:: Information given

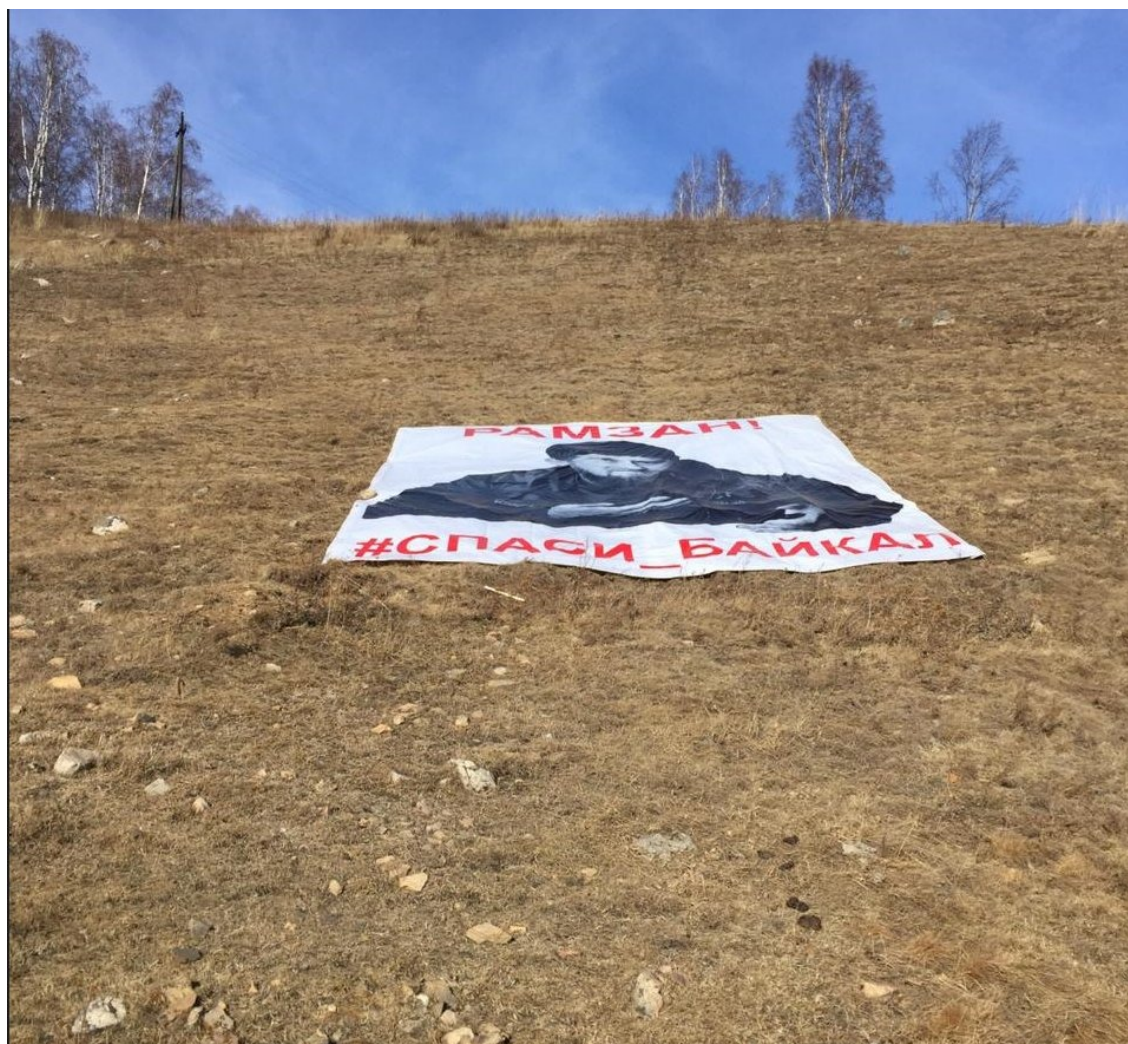
Байкал, пос. Култук, 2019.

Что без Колотова они будут делать? Зачем эти выстрелы себе в ногу? Кому как не красноярцам понимать правоту эколога Колотова?
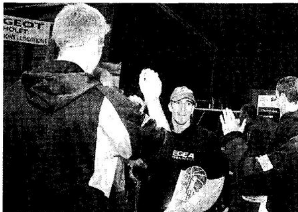
Les jeunes du centre ont accueilli les pros par une haie d'honneur. Ici, Nando de Colo qui, il y a deux ans, se trouvait à leur place. Tout un symbole.
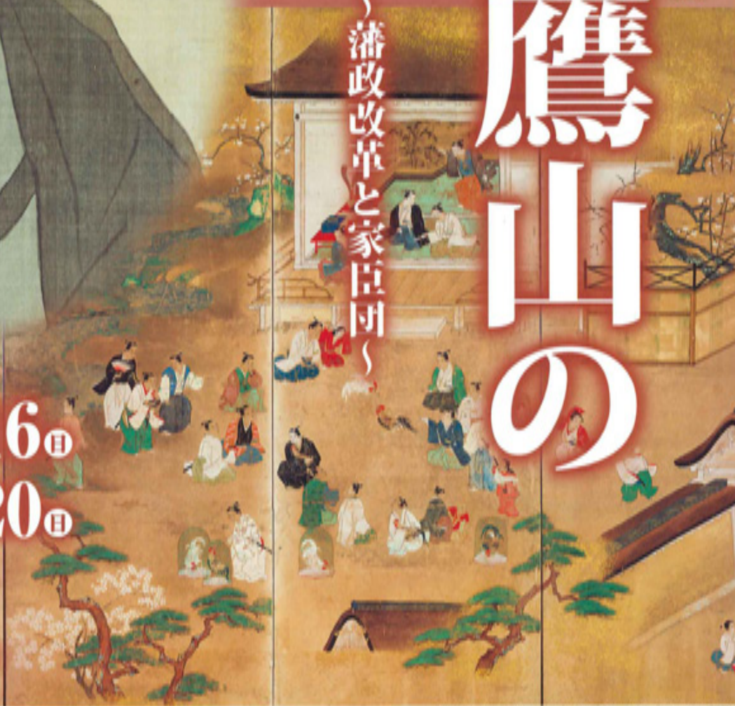
▲左近司徳春筆「四季家臣団屏風」(右隻)(重要文化財複製保存会蔵)〔近所〕
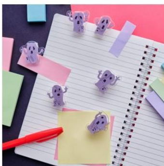
Mtのクリップセット(全1種) 価格：1,800円
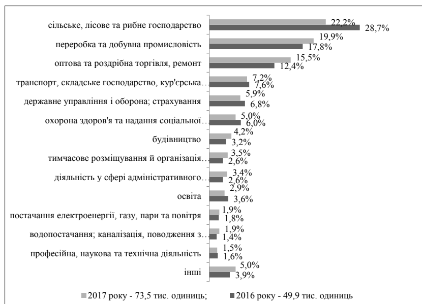
Рис. 4. Структура вакансій за видами економічної діяльності станом на 1 квітня 2016–2017 рр.,%
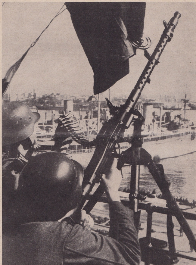
Охрана на германските транспорти през морето
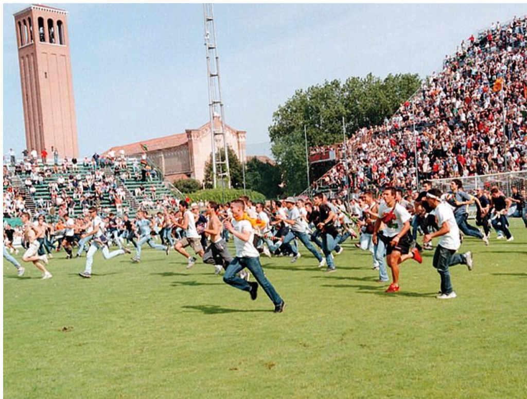
Pacifica invasione di campo: uno dei tanti momenti di entusiasmo dei tifosi nella storia centenaria del Penzo

Abbonamenti. Venerdì si è chiusa la campagna abbonamenti
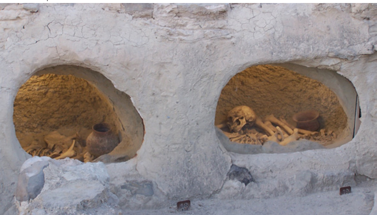
Sépultures 18 et 19 du versant

La paléanthropologie, science qui étudie les restes osseux humains, génère une importante information à Castellón Alto. L'espérance de vie moyenne était de 23 ans, car le taux de mortalité infantile était élevé. Les garçons ont souffert de traumatismes sur les épaules et la colonne, dus aux dures activités comme le transport de poids. Les femmes étaient atteintes aux coudes et dans la zone lombaire à cause du moulage des céréales. Les restes trouvés nous offrent également des informations relatives aux différences alimentaires entre les individus de la même colonie.
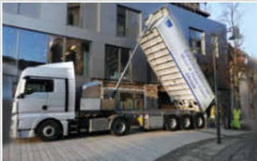
Arbeitseinsatz in der Fußgängerzone: Der TITAN ermöglicht schnelle Auf- und Abrüstzeiten. Die Baustelle bleibt sauber.
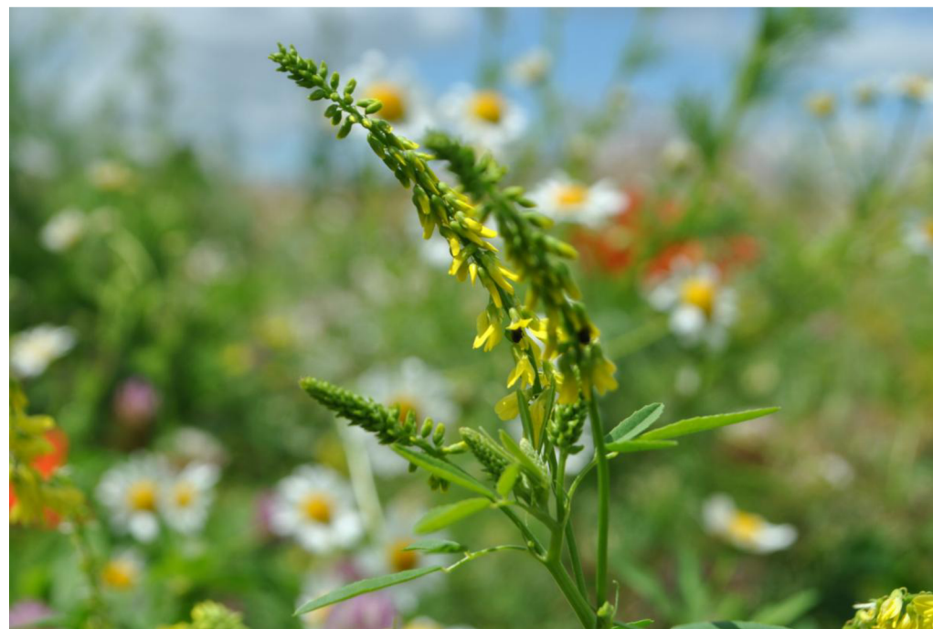
Komonice lékařská ( Melilotus officinalis )
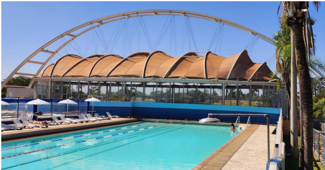
FOTO: Piscina coberta sem uso e sem manutenção, interditada ao uso do associado.
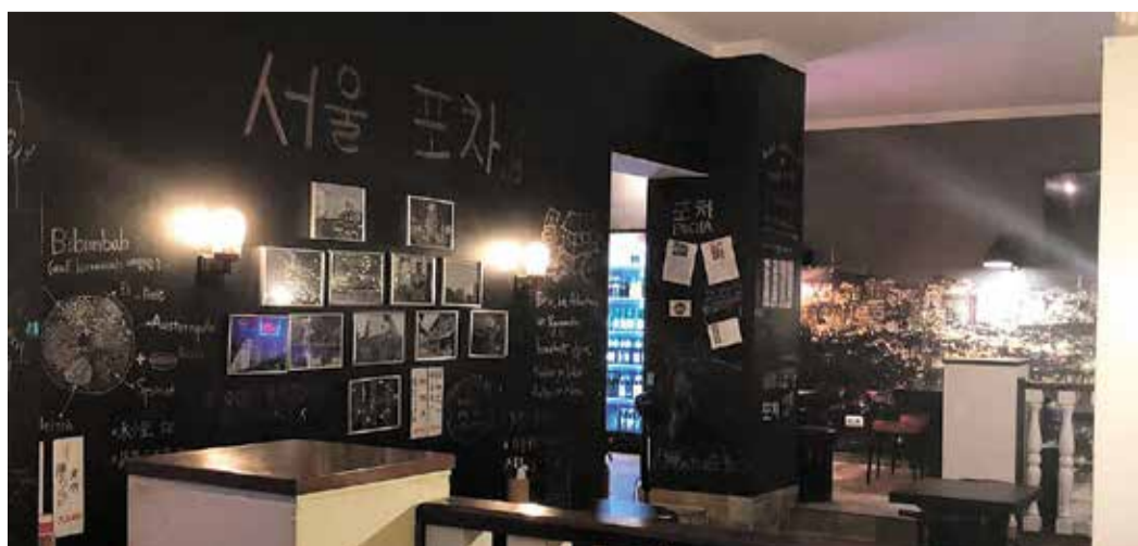
Gesellige Atmosphäre im koreanischen Streetfood-Restaurant

Der FV Hausen wurde 1920 als erster reiner Fußballverein im Stadtteil gegründet und blickt auf über 100 Jahre Vereinsgeschichte zurück. Mit viel Leidenschaft, einer starken Jugendarbeit und großem ehrenamtlichem Engagement hat sich der Verein im Frankfurter Westen fest etabliert. Zu den sportlichen Höhepunkten zählen unter anderem die Meisterschaft in der A-Klasse 2002, der Gewinn des Frankfurter Kreispokals 2012 sowie der Aufstieg in die Gruppenliga 2017. Der FV Hausen steht bis heute für traditionsreichen Fußball, Fairness und eine enge Verbundenheit mit dem Stadtteil. Den FV Hausen sowie viele weitere Vereine findet ihr auf dem MainovaSport Portal, wo sämtliche Sportangebote übersichtlich gebündelt sind: mainova-sport.de
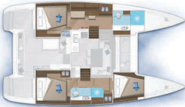
3 cabines, 2 salles d'eau / 3 cabins, 2 bathrooms
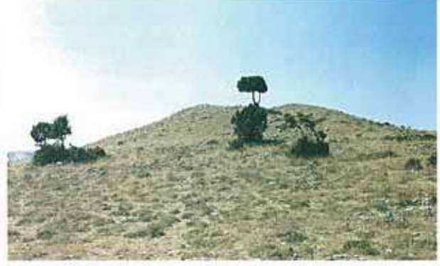
Res. 27. Alpu ilçesi, Bügdüz köyünün 3 kilometre kuzeydoğusundaki Gücükkol Höyüğü (env. no: I26A014.002).
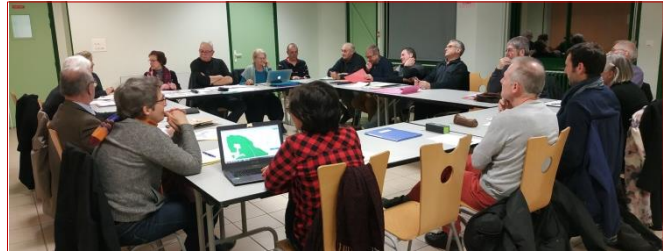
Réunion de l'association des amis du parc naturel régional de Bresse à Mervans #PNRBb

::::

Work to be completed | Up to and including the line containing "Охрана на германските транспорти през морето", quote each line of the entries above from the very first, please, exactly and without images.

Solution to this exercise |
Байкал, пос. Култук, 2019.

Что без Колотова они будут делать? Зачем эти выстрелы себе в ногу? Кому как не красноярцам понимать правоту эколога Колотова?
Les jeunes du centre ont accueilli les pros par une haie d'honneur. Ici, Nando de Colo qui, il y a deux ans, se trouvait à leur place. Tout un symbole.
▲左近司徳春筆「四季家臣団屏風」(右隻)(重要文化財複製保存会蔵)〔近所〕
Mtのクリップセット(全1種) 価格：1,800円
Рис. 4. Структура вакансій за видами економічної діяльності станом на 1 квітня 2016–2017 рр.,%
Охрана на германските транспорти през морето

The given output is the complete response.